## Exercise directions
Starting at the top line, print the entries below exactly as they are and skip every picture.

## Source information
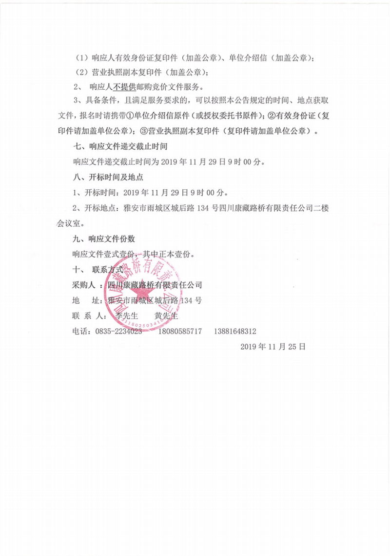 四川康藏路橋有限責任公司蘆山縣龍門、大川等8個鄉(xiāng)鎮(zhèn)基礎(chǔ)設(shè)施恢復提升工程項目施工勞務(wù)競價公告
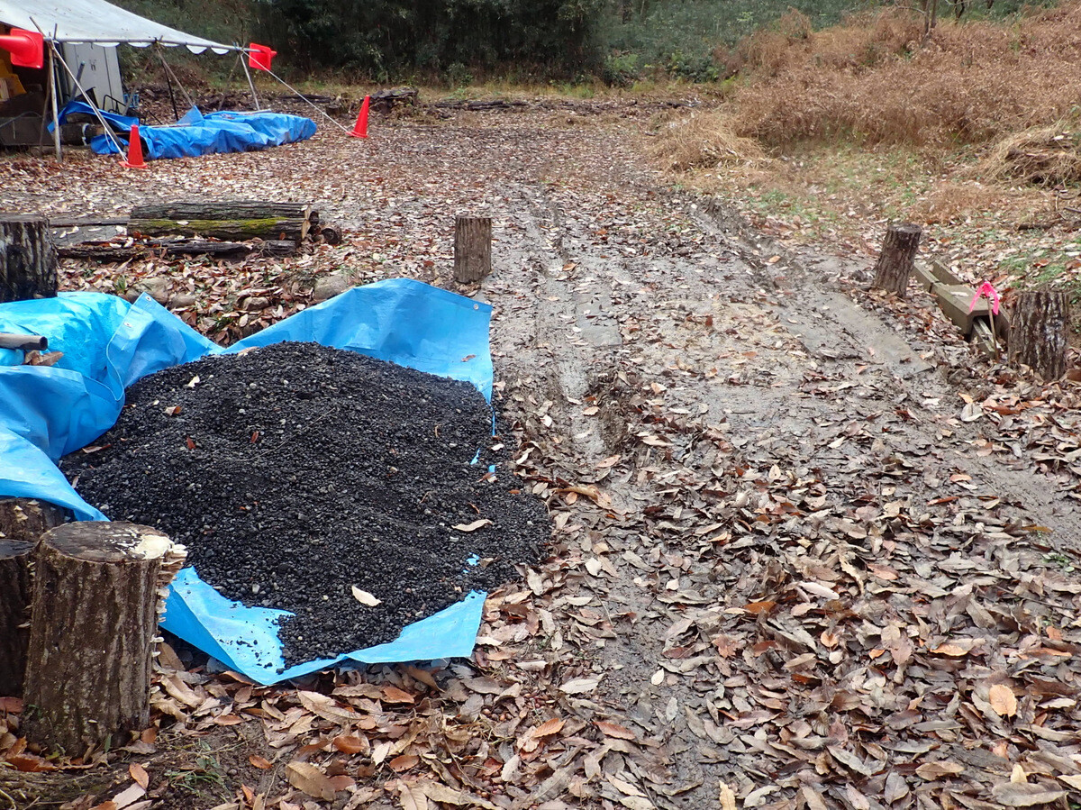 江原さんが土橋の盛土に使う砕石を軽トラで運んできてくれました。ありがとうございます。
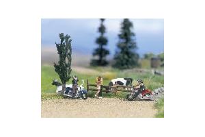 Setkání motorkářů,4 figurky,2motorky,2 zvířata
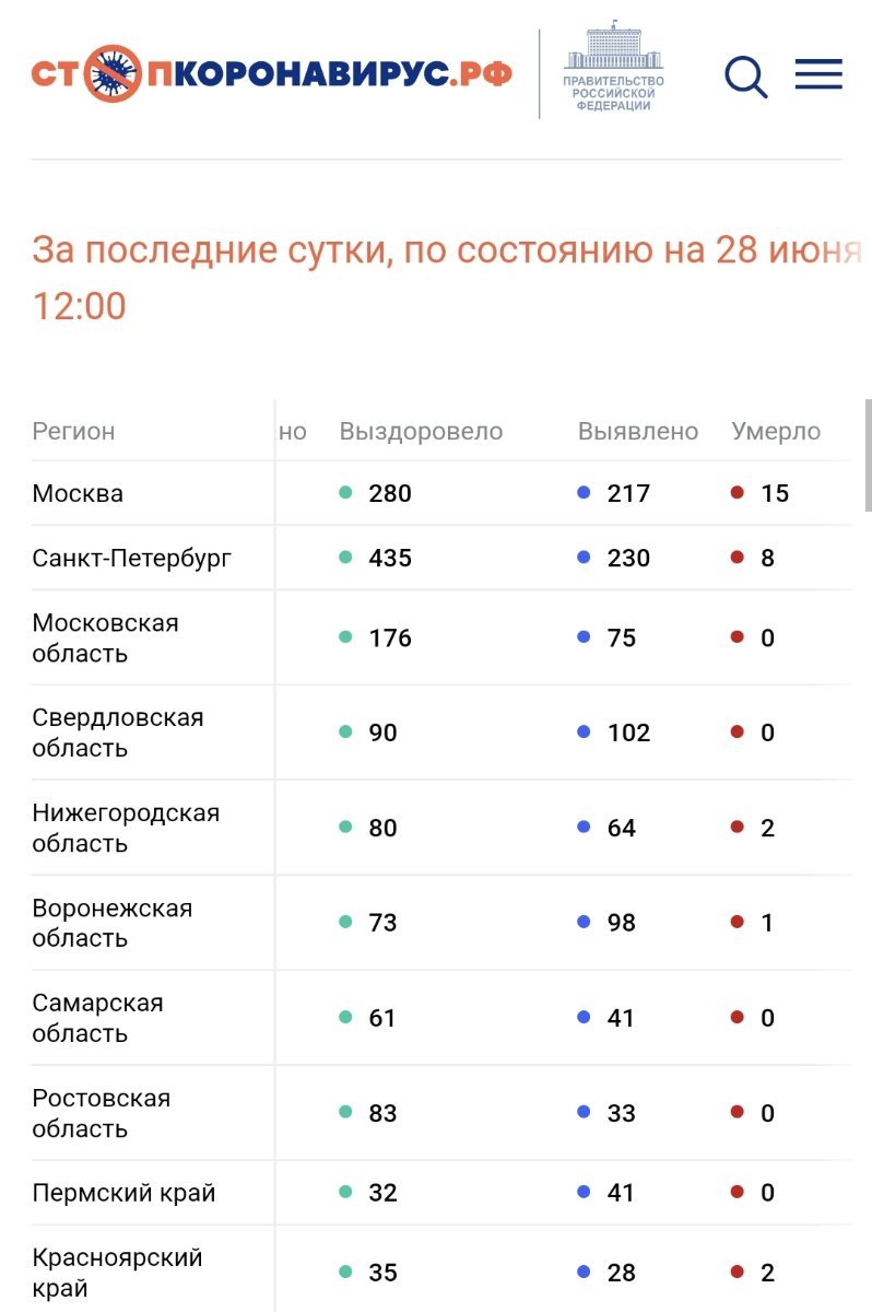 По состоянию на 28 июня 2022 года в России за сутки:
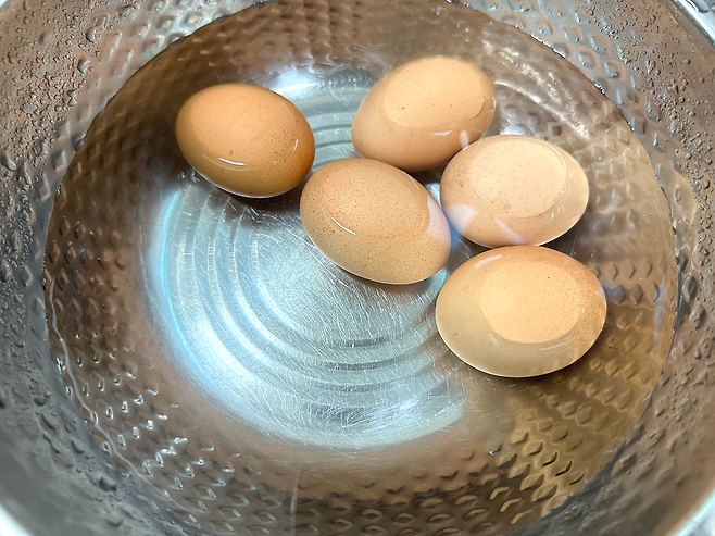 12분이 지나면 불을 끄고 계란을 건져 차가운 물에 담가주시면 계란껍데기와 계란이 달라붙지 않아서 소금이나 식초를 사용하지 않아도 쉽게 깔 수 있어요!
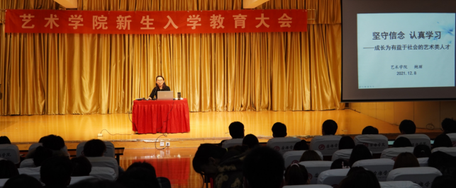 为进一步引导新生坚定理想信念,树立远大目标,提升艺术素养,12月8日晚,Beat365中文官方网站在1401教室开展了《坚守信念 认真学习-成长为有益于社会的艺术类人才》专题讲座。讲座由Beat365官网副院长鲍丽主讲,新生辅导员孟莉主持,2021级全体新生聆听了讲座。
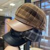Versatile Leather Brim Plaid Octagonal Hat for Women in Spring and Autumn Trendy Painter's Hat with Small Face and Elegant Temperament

## Answer for the task
 四川康藏路橋有限責任公司蘆山縣龍門、大川等8個鄉(xiāng)鎮(zhèn)基礎(chǔ)設(shè)施恢復提升工程項目施工勞務(wù)競價公告
 江原さんが土橋の盛土に使う砕石を軽トラで運んできてくれました。ありがとうございます。
 Setkání motorkářů,4 figurky,2motorky,2 zvířata
 По состоянию на 28 июня 2022 года в России за сутки:
 12분이 지나면 불을 끄고 계란을 건져 차가운 물에 담가주시면 계란껍데기와 계란이 달라붙지 않아서 소금이나 식초를 사용하지 않아도 쉽게 깔 수 있어요!
 为进一步引导新生坚定理想信念,树立远大目标,提升艺术素养,12月8日晚,Beat365中文官方网站在1401教室开展了《坚守信念 认真学习-成长为有益于社会的艺术类人才》专题讲座。讲座由Beat365官网副院长鲍丽主讲,新生辅导员孟莉主持,2021级全体新生聆听了讲座。
Versatile Leather Brim Plaid Octagonal Hat for Women in Spring and Autumn Trendy Painter's Hat with Small Face and Elegant Temperament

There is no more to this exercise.